MAY COLD STORAGE (NASS): Total natural cheese stocks in refrigerated warehouses on May 31, 2024, were down slightly from April 2024 and down 4 percent from May 31, 2023. Butter stocks were up 5 percent from April 2024 and up 3 percent from May 31, 2023.

MARCH MAILBOX MILK PRICES (FMMO): In March 2024, mailbox milk prices for selected reporting areas in Federal milk orders averaged $19.98 per cwt, up $0.35 from the February 2024 average and down $0.34 per cwt from the March 2023 average. The component tests of producer milk in March 2024 were: butterfat, 4.25%; protein, 3.32%; and other solids, 5.78%.

MAY MARKET SUMMARY AND UTILIZATION (FMMO): During May, 12.9 billion pounds of milk were received from Federally pooled producers. This volume of milk is 4.5 percent lower than the May 2023 volume. Regulated handlers pooled 3.4 billion pounds of producer milk as Class I products, up 0.1 percent when compared to the previous year. The all-market average Class utilization percentages were: Class I = 26%, Class II = 8%, Class III = 59%, and Class IV = 7%. The weighted average statistical uniform price was $19.78 per cwt, $1.54 higher than last month and $1.53 higher than last year.

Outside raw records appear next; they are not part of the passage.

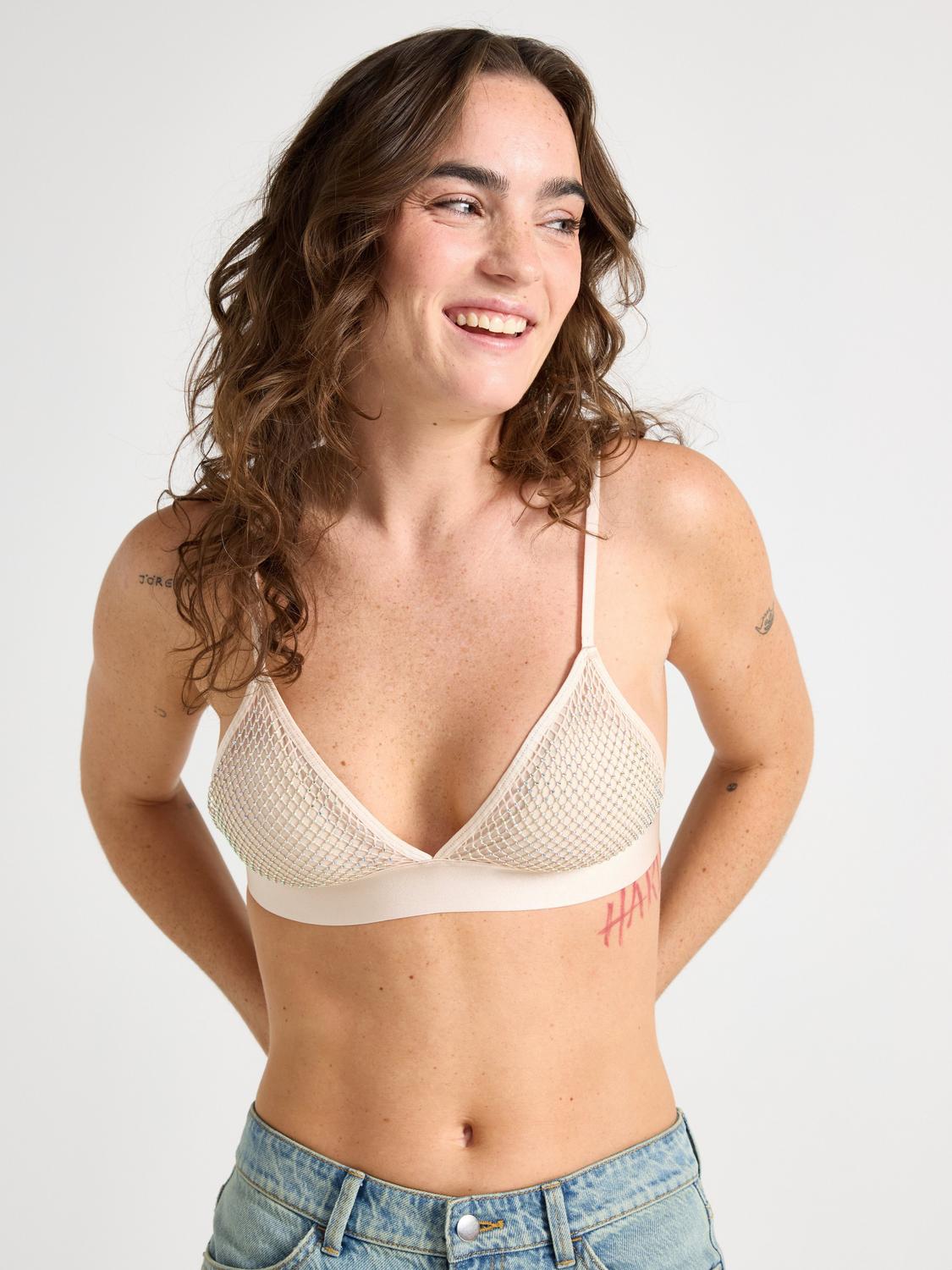 En mjuk och bekväm bralette prydd med glittrande strasstenar. Denna eleganta underklädesplagg har fina meshdetaljer och smala axelband för en feminin touch.
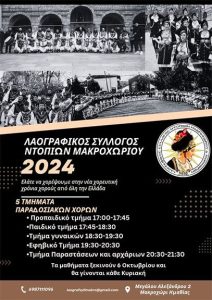 Με χαρά και ενθουσιασμό σας ανακοινώνουμε την έναρξη της νέας χορευτικής χρονιάς στον Λαογραφικό Σύλλογο Ντόπιων Μακροχωρίου και…
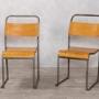 These stackable plywood chairs are in good condition, with only some general marks of wear and tear consistent with age.

JUNE RETAIL PRICES (FMMO): U.S. simple average prices are: $4.37 per gallon for conventional whole milk, $4.31 per gallon for conventional reduced fat 2% milk, $4.82 per half gallon organic whole milk, and $4.82 per half gallon organic reduced fat 2% milk.

NATIONAL RETAIL REPORT: Total conventional dairy ads increased 13 percent, while organic dairy ads increased by 11 percent. Conventional cheese was the most advertised dairy commodity. Conventional ice cream in 48–64-ounce containers was the most advertised single item. Organic milk in half-gallon containers was the most advertised single organic dairy item this week. As a commodity, conventional butter ads increased 61 percent from the previous week.